After nearly 40 years leading and recording with his own large ensembles under the moniker Bob Mintzer Big Band, the veteran saxophonist is as renowned in this genre as the legends he cut his proverbial teeth with way back when – including Thad Jones/Mel Lewis, Jaco Pastorius and Buddy Rich.

Yet these past 30 years, he’s also been a key part of the ongoing success of The Yellowjackets. Mintzer finally found a way to fuse these two key aspects of his musical expression on Jackets XL, a 2020 album combining the genius of Russell Ferrante and crew with the sweeping energy of the WDR Big Band, which Mintzer has been chief conductor of since 2015. That unique convergence set the stage for Soundscapes, the long awaited official debut of Mintzer and the ensemble, dubbed here WDR Big Band Cologne.

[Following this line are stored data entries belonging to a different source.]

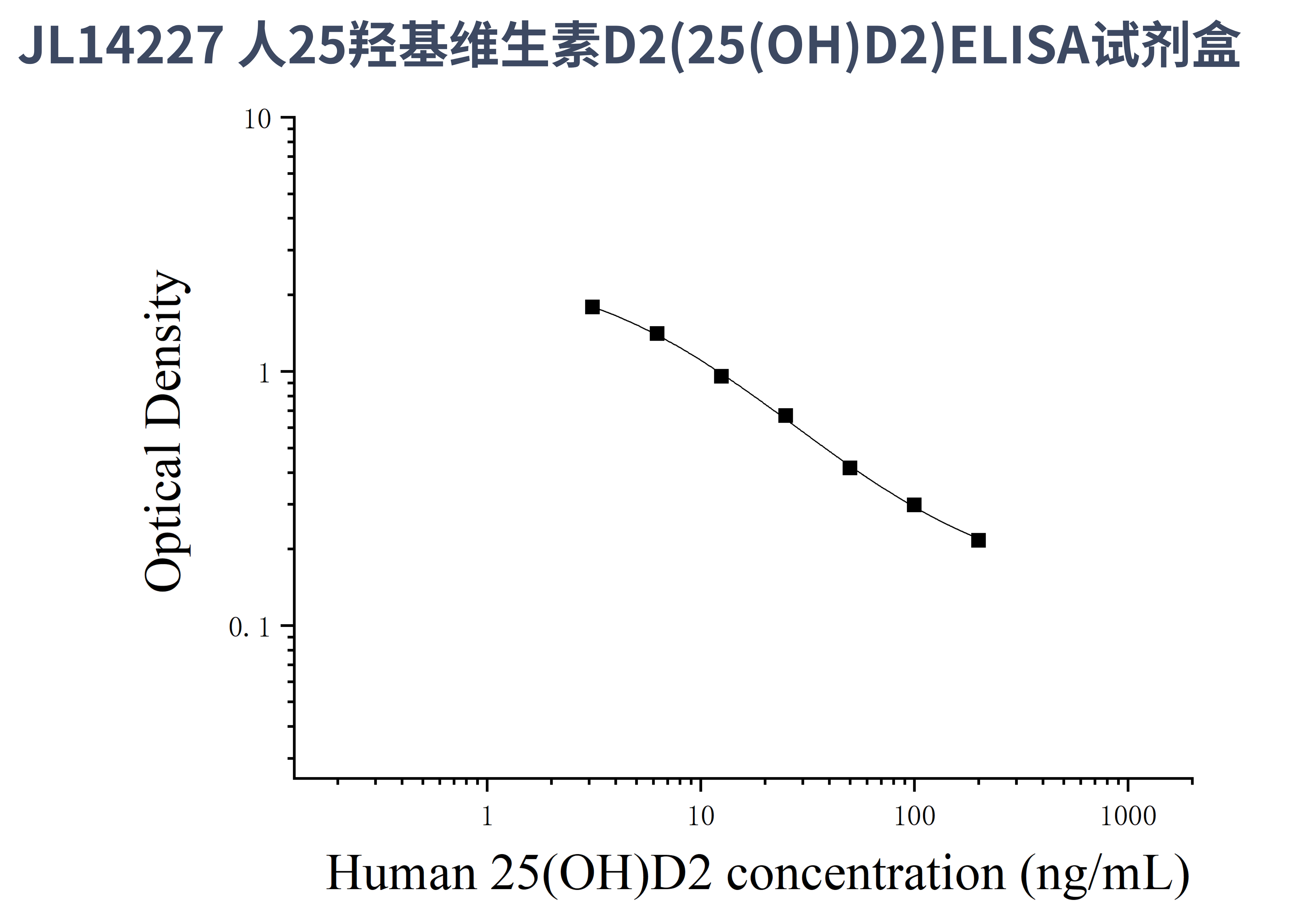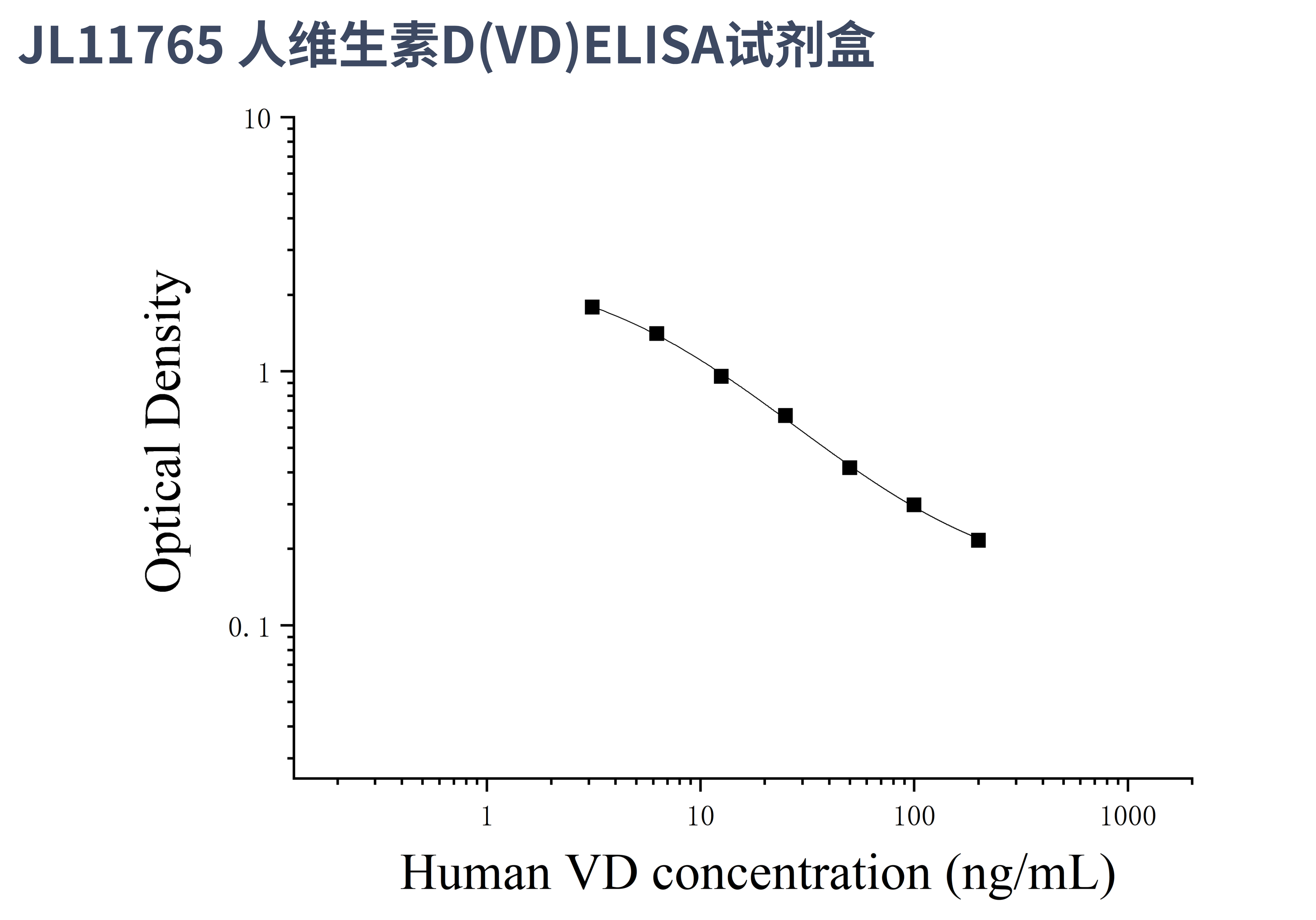 由于实验操作条件的不同( 如操作者、移液技术、洗板技术和稳定条件等),标准曲线的OD值会有所差异。以下数据和曲线仅供参考,实验者需根据自己的实验建立标准曲线。
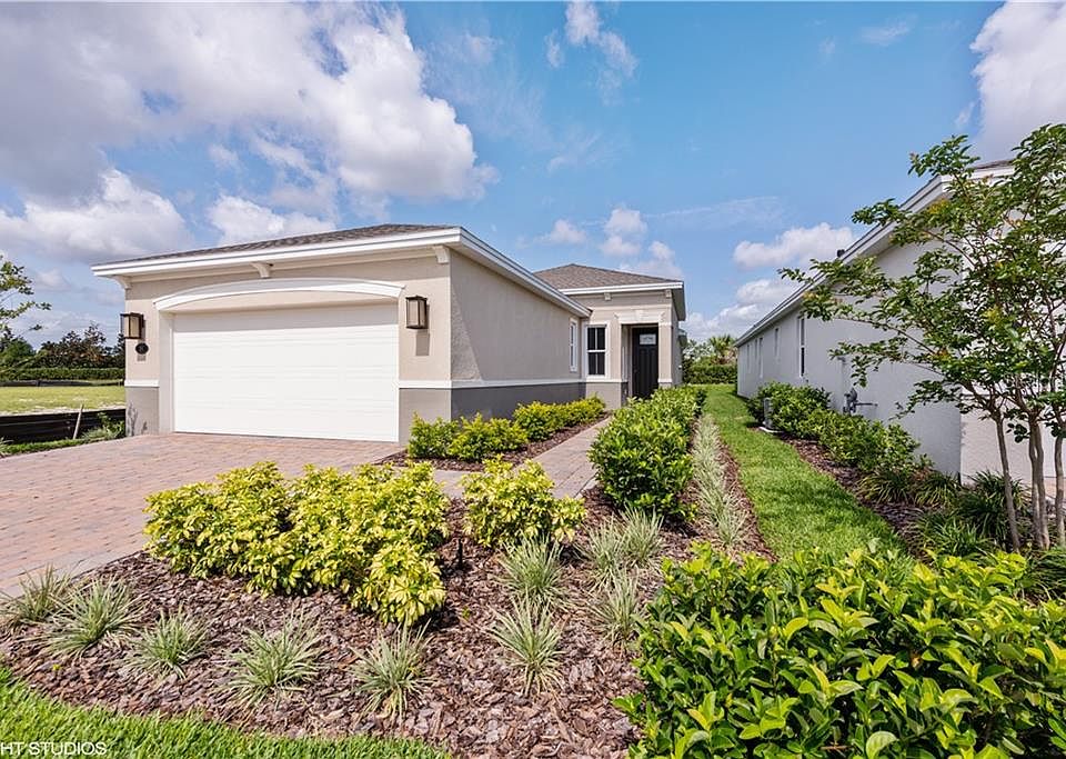 Open, Great Room floorplan with 2 Bedrooms and 2 full Baths. Island Kitchen features white cabinetry with crown molding, and quartz countertops. Owner's Suite offers two Walk-In Closets and french doors that open to en Suite Bath with large shower and split vanities. Home also features Den, ideal for hobby room or home office, and secondary Bedroom with hall Bath. Covered Lanai completes the outdoor living space.
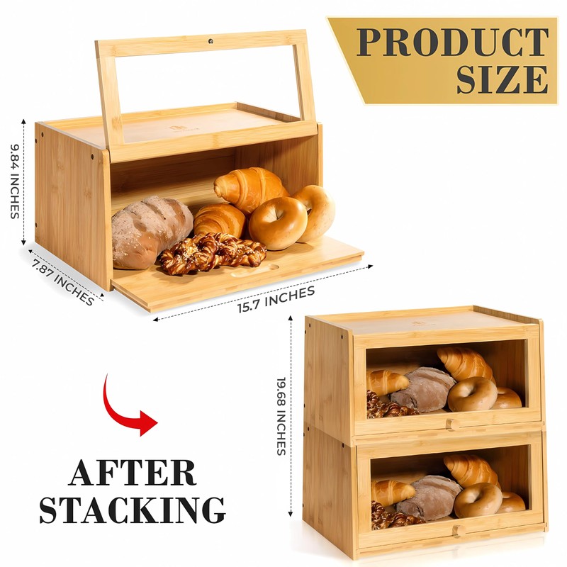 - Large Capacity Bread Storage: Holds up to two large loaves or assorted pastries with overall dimensions of 15.75” x 9.84” x 7.87” perfect for daily kitchen needs.
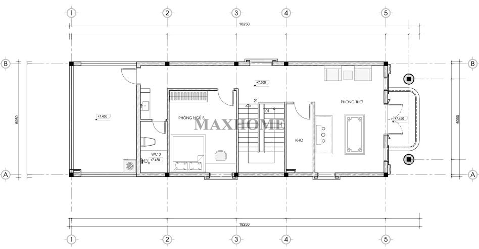 Tầng 3 được bố trí không gian phòng thờ trang nghiêm, đặt ở vị trí ưu tiên và hướng ra ban công, đảm bảo sự thông thoáng cũng như yếu tố phong thủy. Bên cạnh đó, tầng này còn có một phòng kho nhỏ gọn, thuận tiện cho việc lưu trữ đồ dùng sinh hoạt. Khu vực cuối nhà là phòng ngủ, được sắp xếp hợp lý và sử dụng chung nhà vệ sinh đặt liền kề, vừa đảm bảo sự riêng tư cần thiết, vừa tối ưu diện tích và công năng sử dụng cho toàn bộ mặt bằng.
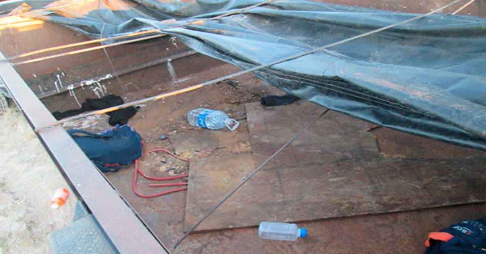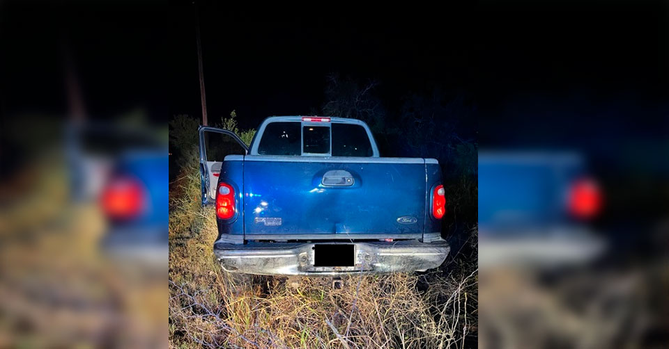 Ayer, un agente destacamentado en Kingsville, observó una camioneta Chevrolet que arrastraba un remolque por una carretera de caliche al sur del puesto de control de la Patrulla Fronteriza denominado Javier Vega Jr. Mientras que el oficial pasaba junto al vehículo, notó que había varias personas en la cabina del camión. Sin que se le indicara, el vehículo se detuvo a un lado de la carretera y se vio a varios sujetos huyendo hacia la maleza.

The title of two tracks, “Whack” and “Herky Jerky,” really capture the feisty, hard hitting, fun, freewheeling and melodically, rhythmically and harmonically off the charts spirit of the 10 track, 68 minute jam. The irony, of course, is that the sly, moody and atonally funky “Whack” is actually one of the gentler seductions on a set that only includes one other, the lyrical and romantic “New Look” which showcases the gentler, graceful side of Mintzer’s expansive artistry.

The rest of the time, whether cookin’ a little tasty Weather Report spiced stew (“A Reprieve”), firing up a soaring, swinging brassy dialogue (“The Conversation,” driven by the sizzling guest percussionist Marcio Doctor) or percolating Cuban rumba style on the hypnotic sizzler “Montuno,” he and his crew seem in a mad dash to blow away our emotions and expand the limits of what our musical consciousness can injest with brisk, vibrant arrangements.

Mintzer throws a bit of autobiography into the mix with another Latin-tinged burst of sexy fire, “Canyon Winds,” that reflects on his current home in California, and a feisty re-imagining of “One Music,” a bustling gem from his 1991 album of the same name featuring one of Mintzer’s most effective improvisational solos. Mintzer’s versatility on the EWI allows him to go wild (think the wind equivalent of George Duke) on a few tunes so the WDR band’s other sax stars, Paul Heller (tenor) and Karolina Strassmeyer (alto) are free to strut their deeply impactful stuff.